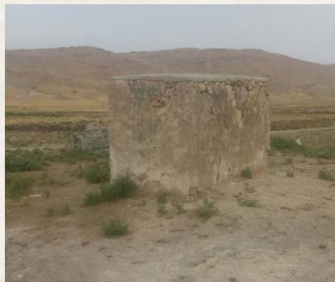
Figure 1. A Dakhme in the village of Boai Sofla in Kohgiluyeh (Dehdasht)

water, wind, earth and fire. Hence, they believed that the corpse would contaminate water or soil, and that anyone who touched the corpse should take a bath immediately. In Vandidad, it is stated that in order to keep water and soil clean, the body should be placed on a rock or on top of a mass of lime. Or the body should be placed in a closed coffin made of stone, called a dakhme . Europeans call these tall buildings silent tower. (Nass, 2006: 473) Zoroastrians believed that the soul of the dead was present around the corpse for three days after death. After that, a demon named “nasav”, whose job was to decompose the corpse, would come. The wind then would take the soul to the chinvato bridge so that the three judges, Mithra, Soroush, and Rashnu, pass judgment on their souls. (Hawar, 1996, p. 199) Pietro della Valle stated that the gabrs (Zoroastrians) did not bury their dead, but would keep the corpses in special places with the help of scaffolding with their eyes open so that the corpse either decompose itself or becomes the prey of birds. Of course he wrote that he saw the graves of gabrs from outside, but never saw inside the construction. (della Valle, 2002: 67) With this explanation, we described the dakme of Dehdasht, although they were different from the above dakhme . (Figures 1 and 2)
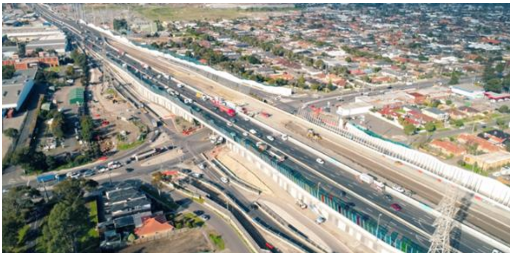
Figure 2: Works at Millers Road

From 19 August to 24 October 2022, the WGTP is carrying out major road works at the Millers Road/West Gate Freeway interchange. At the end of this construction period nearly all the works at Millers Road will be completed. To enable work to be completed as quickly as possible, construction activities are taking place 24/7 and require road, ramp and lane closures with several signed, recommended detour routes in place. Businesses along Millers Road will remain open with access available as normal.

-.-.-

● **WORK REQUEST**:
Leave the pictures out and output the rest of the data word for word.

● **YOUR RESPONSE**:
Figure 1. A Dakhme in the village of Boai Sofla in Kohgiluyeh (Dehdasht)

water, wind, earth and fire. Hence, they believed that the corpse would contaminate water or soil, and that anyone who touched the corpse should take a bath immediately. In Vandidad, it is stated that in order to keep water and soil clean, the body should be placed on a rock or on top of a mass of lime. Or the body should be placed in a closed coffin made of stone, called a dakhme . Europeans call these tall buildings silent tower. (Nass, 2006: 473) Zoroastrians believed that the soul of the dead was present around the corpse for three days after death. After that, a demon named “nasav”, whose job was to decompose the corpse, would come. The wind then would take the soul to the chinvato bridge so that the three judges, Mithra, Soroush, and Rashnu, pass judgment on their souls. (Hawar, 1996, p. 199) Pietro della Valle stated that the gabrs (Zoroastrians) did not bury their dead, but would keep the corpses in special places with the help of scaffolding with their eyes open so that the corpse either decompose itself or becomes the prey of birds. Of course he wrote that he saw the graves of gabrs from outside, but never saw inside the construction. (della Valle, 2002: 67) With this explanation, we described the dakme of Dehdasht, although they were different from the above dakhme . (Figures 1 and 2)
Figure 2: Works at Millers Road

From 19 August to 24 October 2022, the WGTP is carrying out major road works at the Millers Road/West Gate Freeway interchange. At the end of this construction period nearly all the works at Millers Road will be completed. To enable work to be completed as quickly as possible, construction activities are taking place 24/7 and require road, ramp and lane closures with several signed, recommended detour routes in place. Businesses along Millers Road will remain open with access available as normal.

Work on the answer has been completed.